Roper has had a longstanding goal of squeezing another percent of profitability out of UNC Healthcare’s expanding enterprise, building incentives and bonuses in for managers to tighten margins. It didn’t help the new efforts to shore up the health care system’s image, though, when the N&O finally won a document battle and word got around last week that the system doled out $1.5 million in 2005 for incentives to top brass–including $84,000 for Roper.
A bigger, more profitable system has been a part of UNC Healthcare’s focus since well before Roper took over in 2004. But the former Prudential executive and head of the Centers for Disease Control kicked that effort into overdrive after he commissioned a 2004 study by Navigant Consulting that led to a private-sector style plan for improving the bottom line.
Hammond says one result of the effort was a more aggressive collection program.
“There’s nothing wrong with trying to collect from people who just won’t pay,” he says. “What’s wrong is trying to collect from people who can’t pay.”
While making the cuts and cracking down on patients who couldn’t pay, UNC Healthcare, which receives roughly $40 million from the state annually, continued to project an image of a teaching hospital with a sense of mission to North Carolina.
Hammond says one of the most aggravating bits of spin used is how UNC Healthcare cites an automatic 25 percent discount for the uninsured as one way it is living up to its mission.

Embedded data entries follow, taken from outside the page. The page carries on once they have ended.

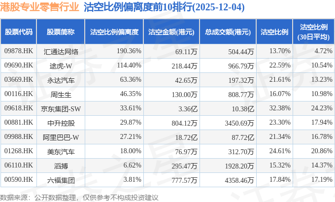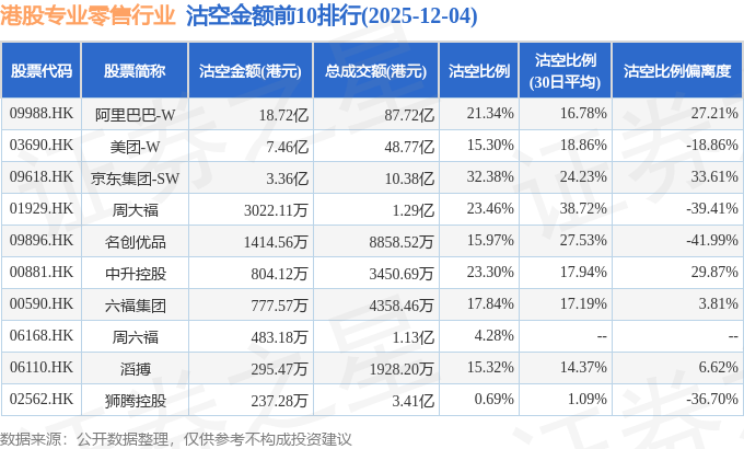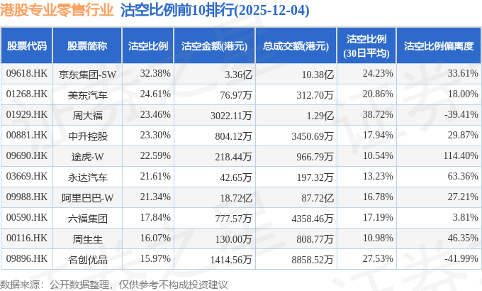 从沽空比例来看,京东集团-SW、美东汽车、周大福沽空比例位居行业前三,分别为32.38%、24.61%、23.46%。
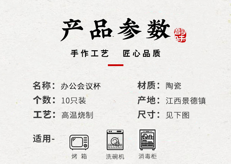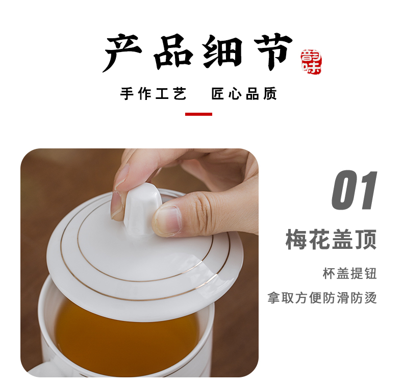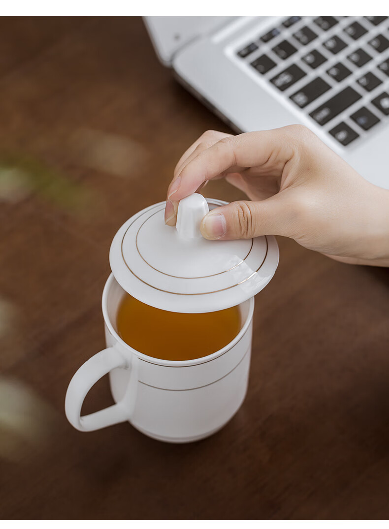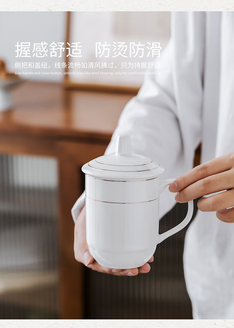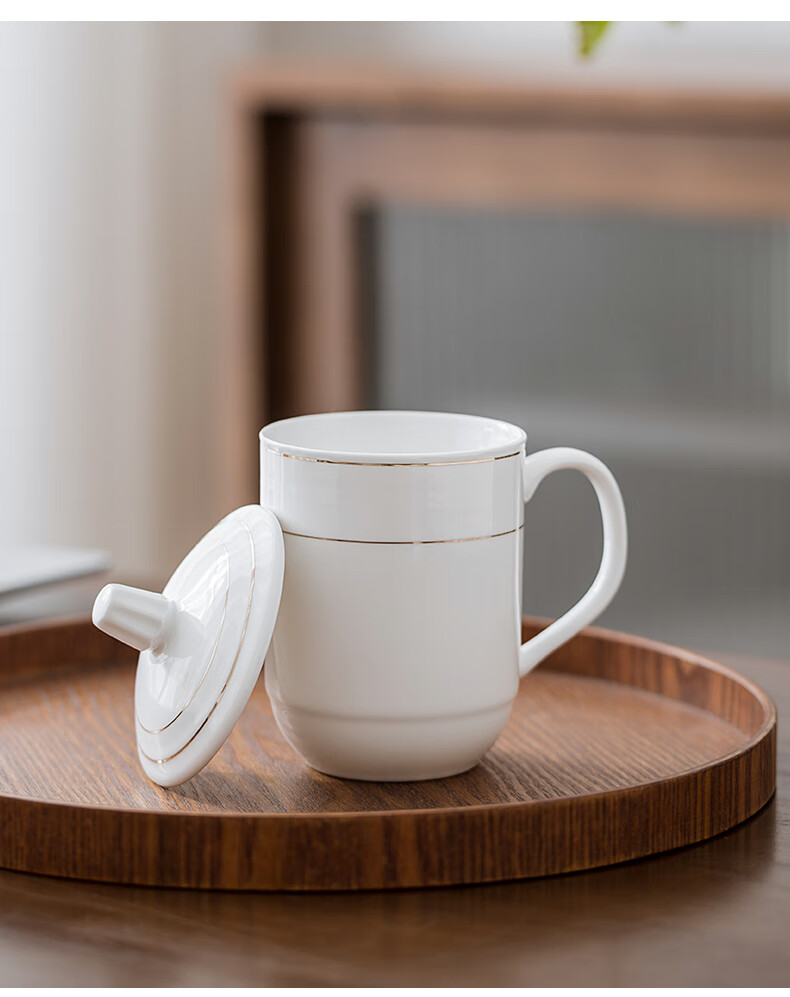 • 商品名称:陶相惠茶杯办公陶瓷杯会议杯带盖10只装商务会议开会杯子水杯套装350ml 陶瓷金边会议杯10个/套
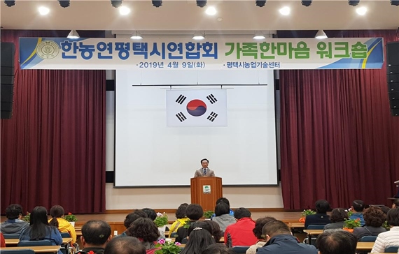 정장선 평택시장이 9일 평택농업기술센터에서 (사)한국농업경영인 평택시연합회 가족 한마음 워크숍 출정식에서 농어민들이 나아가야 할 방향에 대한 특강을 진행했다.

But it’s 25 percent off the “list price,” he says, and almost nobody–not the insurance companies, the HMOs and certainly not Medicare and Medicaid–pays the list price. A typical hospital’s chargemaster–the schedule of rates for procedures and treatments broken down for each insurer as well as Medicaid and Medicare–includes discounts far deeper than the much-touted 25 percent break for the uninsured.
The focus on the system isn’t likely to let up anytime soon. Soltys says there are hundreds of hospital employees pushing back against the changes and calling for the UNC system to become more involved.
“I think the Board of Governors has got to deal with this,” she says.